Uma nova safra de comunistas…ou de sonhadores?


O sonho do velho Marx mudou o mundo...mas não como ele esperava

Em vista do protagonismo político exercido pela jovem deputada federal gaúcha, Manuela Dávila, e porque não, no embalo dos 90 anos do velho ‘partidão’, muitos talvez possam se perguntar o que significaria ser, nestes dias de extremo liberalismo, um comunista. Na verdade, essa pergunta a sociedade já se faz há algum tempo quando, intuitivamente, começara a observar certa movimentação entre grupos específicos de jovens do mundo inteiro, sobretudo nas classes sociais mais altas, rumo a ideologias alternativas que os caracterizem e diferenciem do pensamento da maioria. Seria uma marca de rebeldia? Seriam sinais de retrocesso no seio de uma juventude sem visão de futuro, metralhada pela excessiva informação que mais confunde do que esclarece? E porque estes jovens resolveram tomar para si ideais poeirentos que, de certa forma, vão de encontro aos rumos escolhidos pela ordem mundial? Seria porque o capitalismo financeiro transforma presidentes em mendigos obrigados a viver de pires na mão perante o Banco Mundial? E qual é a diferença entre os modernos socialistas que circulam aos montes pelos corredores dos palácios de governo mundo afora, e os arcaicos forjadores de cortinas de ferro?

Organizações humanitárias afirmam que o verdadeiro protagonista do episódio foi morto pelo exército...

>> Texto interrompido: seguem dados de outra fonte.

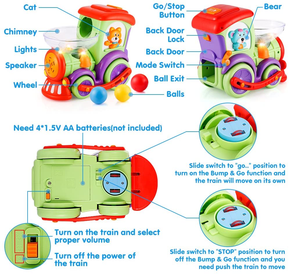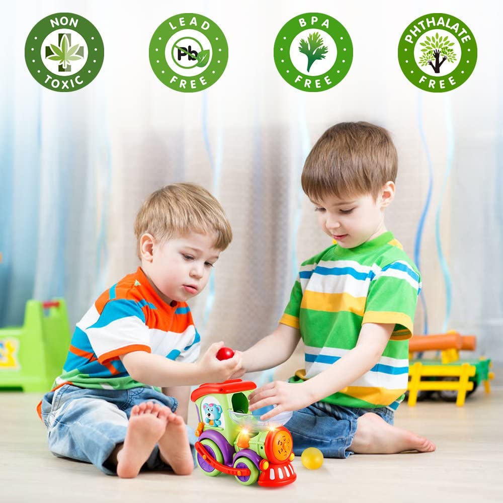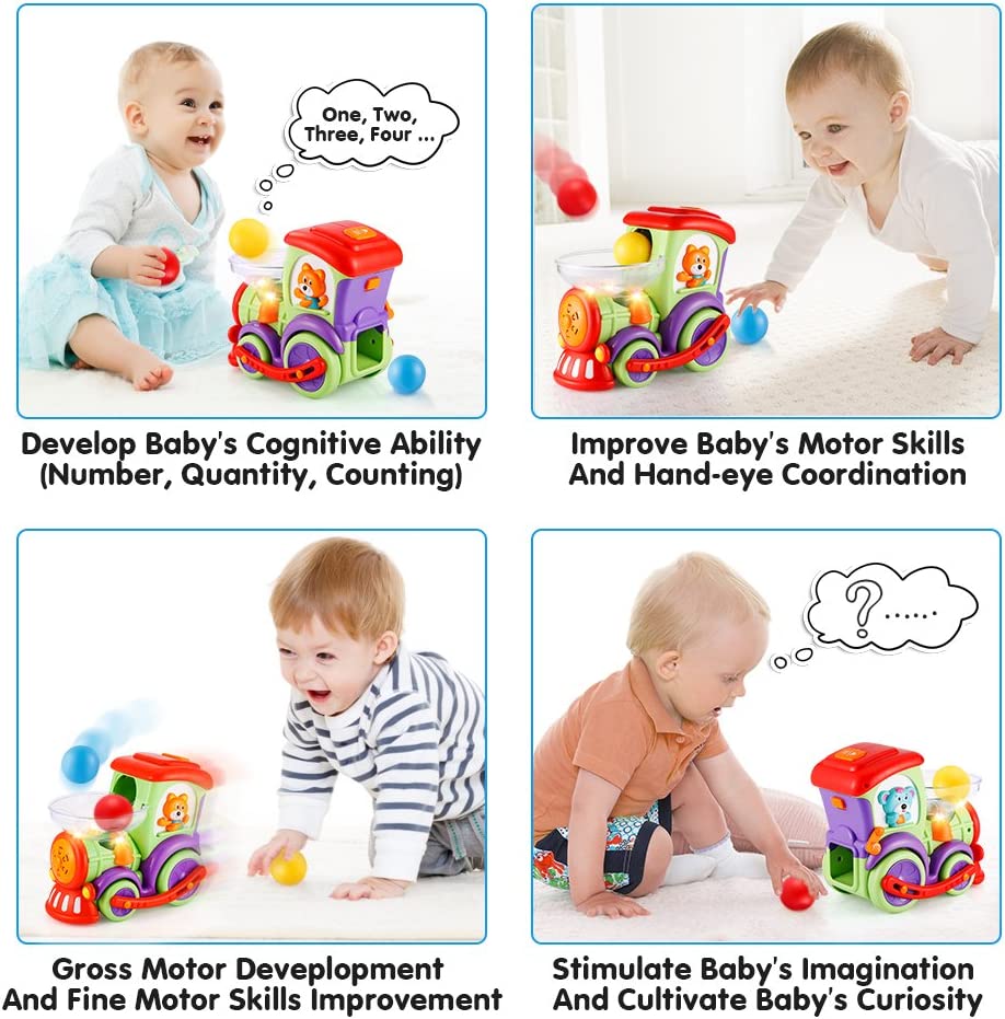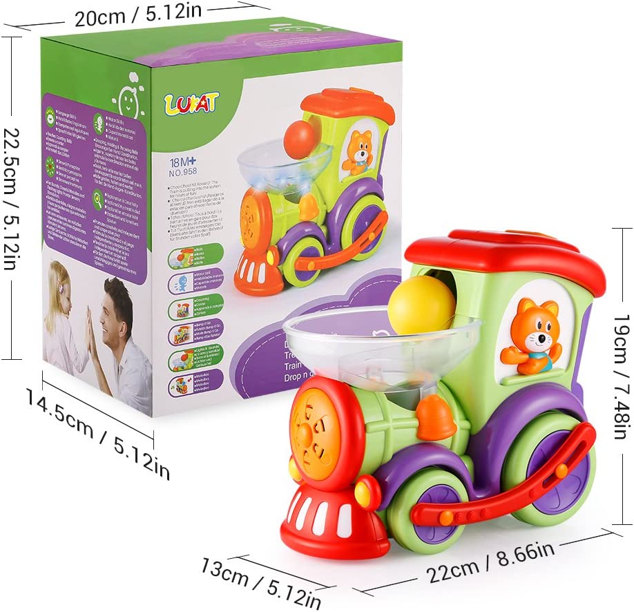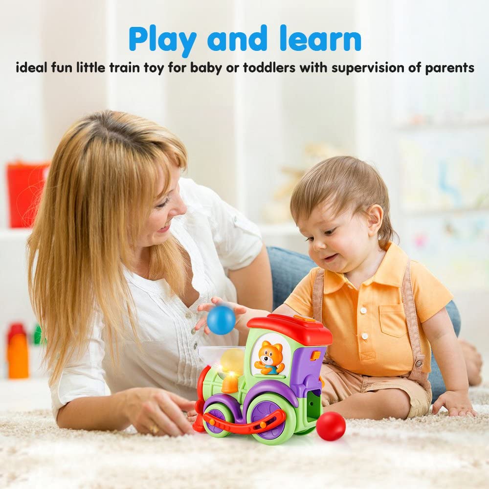 LUKAT Toddler Educational Drop and Go Toy Train with 3 Popper Ball, Music and Light Baby Toys for Preschool Learning, Developmental Toys for 1 2 3 Year Olds

Difícil determinar tantos conceitos num único ensaio. Enfim, quando Marx e Engels lançaram seu Manifesto Comunista, a humanidade vivia uma realidade completamente diferente da que temos hoje: auge da Revolução Industrial, jornada mínima de 12 horas sem descanso semanal, zero direitos para operários, total liberdade de ação para os donos de fábricas. Mesmo não havendo arquitetado a revolução comunista, Karl e Friedrich lançaram as bases ideológicas e sócio-econômicas que embasaram dita revolução. A luta de classes, nascida das claras e potentes incongruências entre operários e patrões (numa definição rasa), atingiu o status quo de mola propulsora das transformações sociais de toda uma época. Homens e mulheres, que migravam dos campos, analfabetos e mal nutridos, passavam a praticamente viver dentro das fábricas por doze, quatorze ou até dezesseis horas ao dia, sete dias na semana, realizando trabalhos repetitivos e maçantes que em nada contribuíam com o desenvolvimento das suas plenas potencialidades.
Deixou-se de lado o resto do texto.